You don’t hear a lot about the contributions of women during the Civil War but I came across an interesting story last week while I was researching the Battle of Shiloh. Belle and William Reynolds had been married exactly one year when word of Fort Sumter reached them in their hometown of Peoria, Illinois. William immediately enlisted and was commissioned as a lieutenant in the 17th Illinois Volunteer Infantry. Rather than be separated from her new husband, Belle (along with several other women) followed his unit keeping a journal about her experiences.

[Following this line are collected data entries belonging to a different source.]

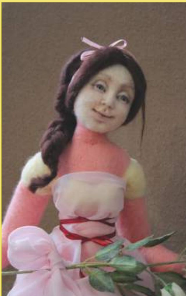
Войковаляние, «Девушка с цветком»
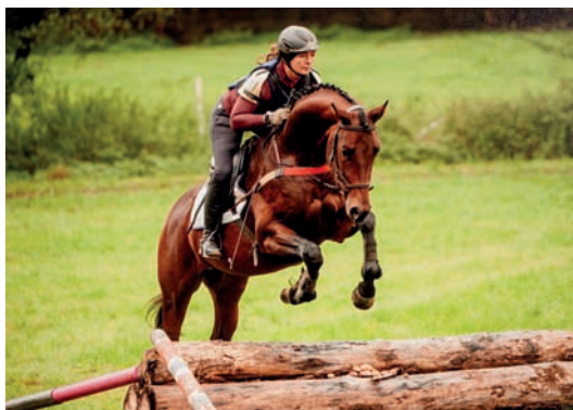
Cornut (Cheops – Corinthe po Inster Graditz)
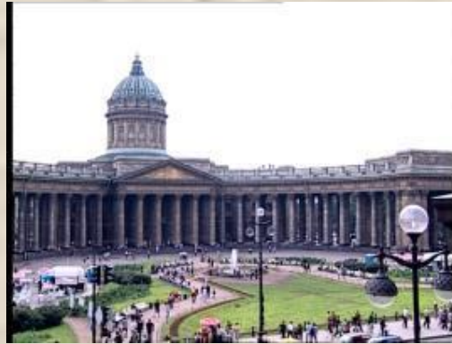
Казанский собор (Воронихин)
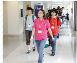
学科別キャンパスツアー
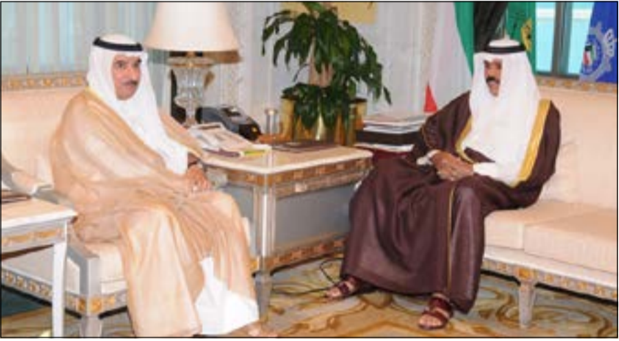
سمو نائب الأمير وولي العهد الشيخ نواف الأحمد مستقبلاً السفير سالم الزمانان
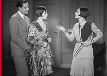
IHR DUNKLER PUNKT (DE 1928)
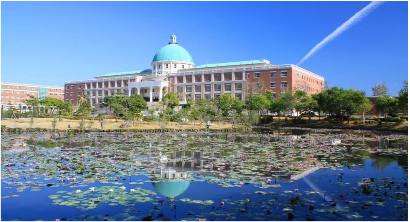
圖：就讀亞大，宛如就讀一所「綜合大學」+「醫學大學」+「國際大學」
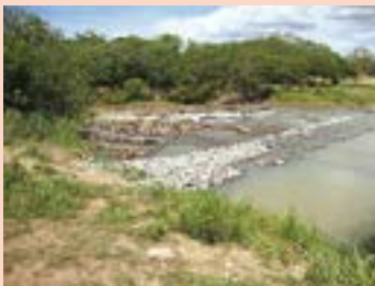
Rio Santa Maria, um dos que abastecem a região metropolitana, também é afetado pela seca
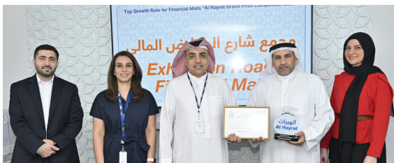
Exhibition Road FM
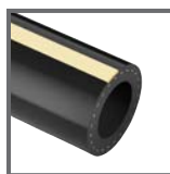
ARIANNA 20 BAR
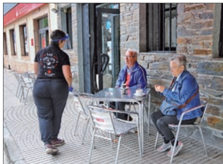
Una parella en una terrassa de la capital del Pallars Sobirà
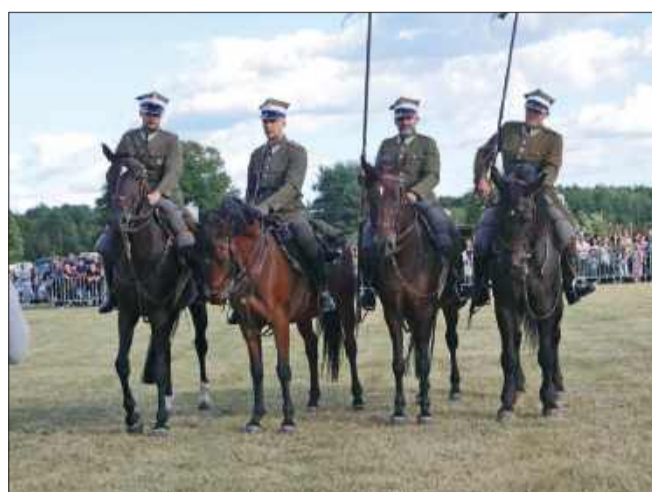
Kawaleria z Dobrynia dała popis jazdy i walki.
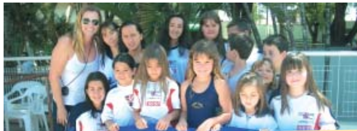
Confira as classificações individuais dos nadadores no site www.nossoclube.com.br , seção Notícias
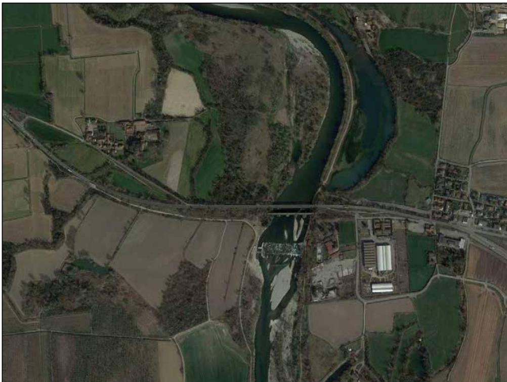
Allegato C Inquadramento ortofoto zona di intervento
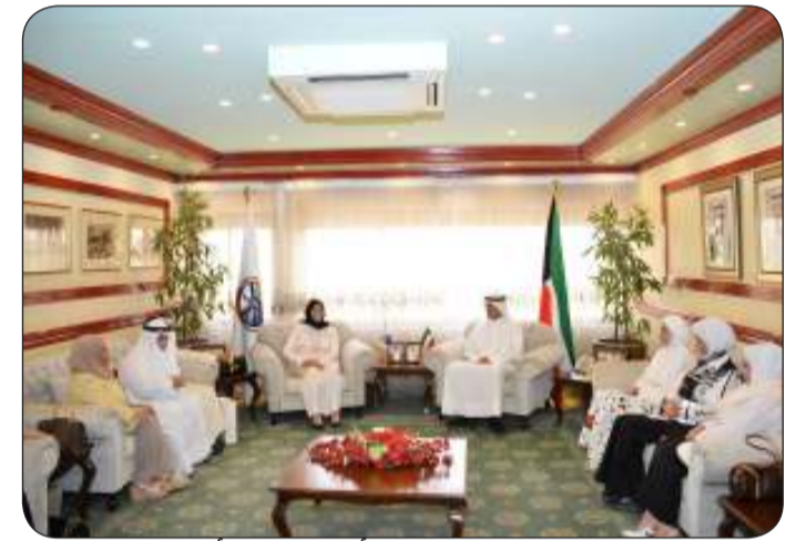
محافظ الأحمدى مستقبلاً رئيس وأعضاء فريق أصدقاء المعاقين

مستقبلاً ودعم الفريق من خلال السعي إلى توفير متطلباته واحتياجاته بالتنسيق والتعاون مع الجهات المعنية، متمنياً لهم دوام التوفيق والنجاح. اللقاء على أنشطة وفعاليات الفريق، مشيداً بجهودهم ودورهم في دمج أبنائنا ذوي الاحتياجات الخاصة في المجتمع، مؤكداً حرصه على التعاون المشترك
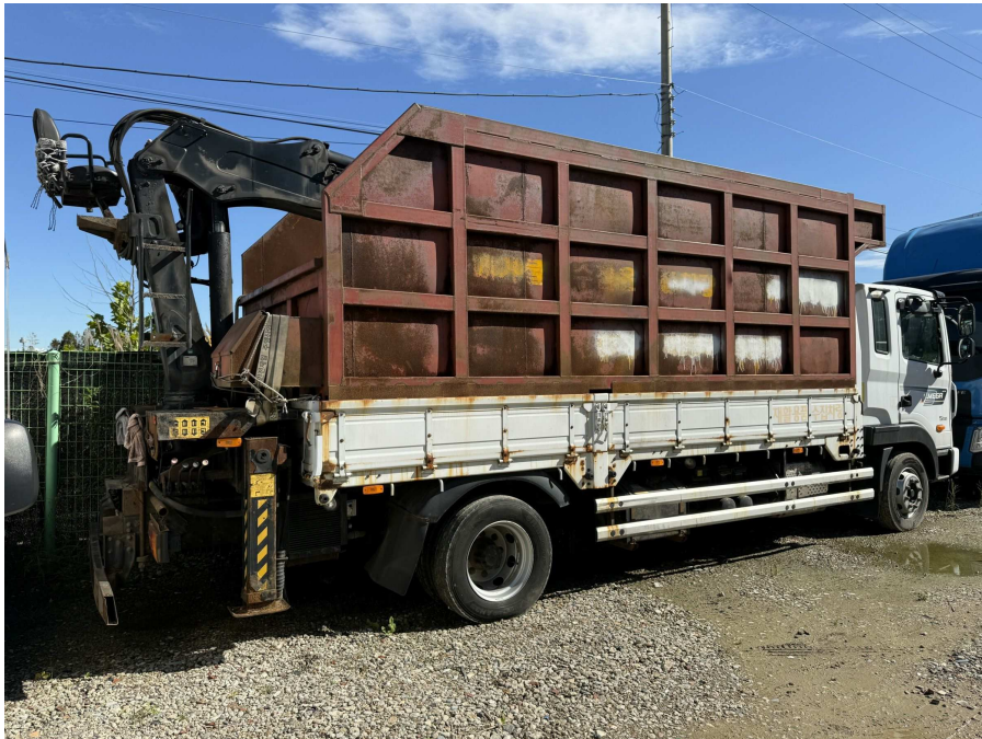
차량 측후면부 부분
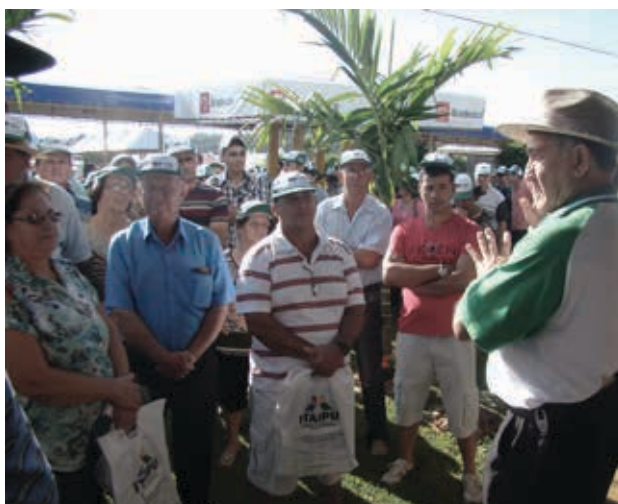
Orientações aos trabalhadores sobre o Show Rural e também sobre o Movimento Sindical.
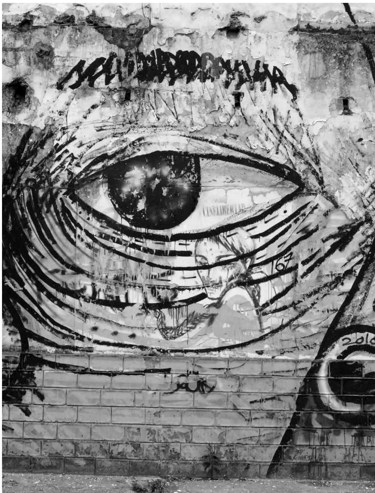
Lo mirado

Throughout the summer and then through the fall and winter of 1861, William’s regiment was involved in various campaigns in southern Missouri. By April, 1862 they had moved into Tennessee and were camped by the Tennessee River at Pittsburg Landing just across the river from the town of Savannah. At dawn on Sunday, April 6, 1862 Belle was cooking her husband’s breakfast on the campfire when the Confederates launched their surprise attack on the Union forces. Now this is the part I love…in the midst of bullets flying and shells shrieking, Belle calmly finishes frying her cakes and as her husband mounts his horse to leave for battle, wraps them up and puts them in his haversack before running for her life! Talk about being cool under fire!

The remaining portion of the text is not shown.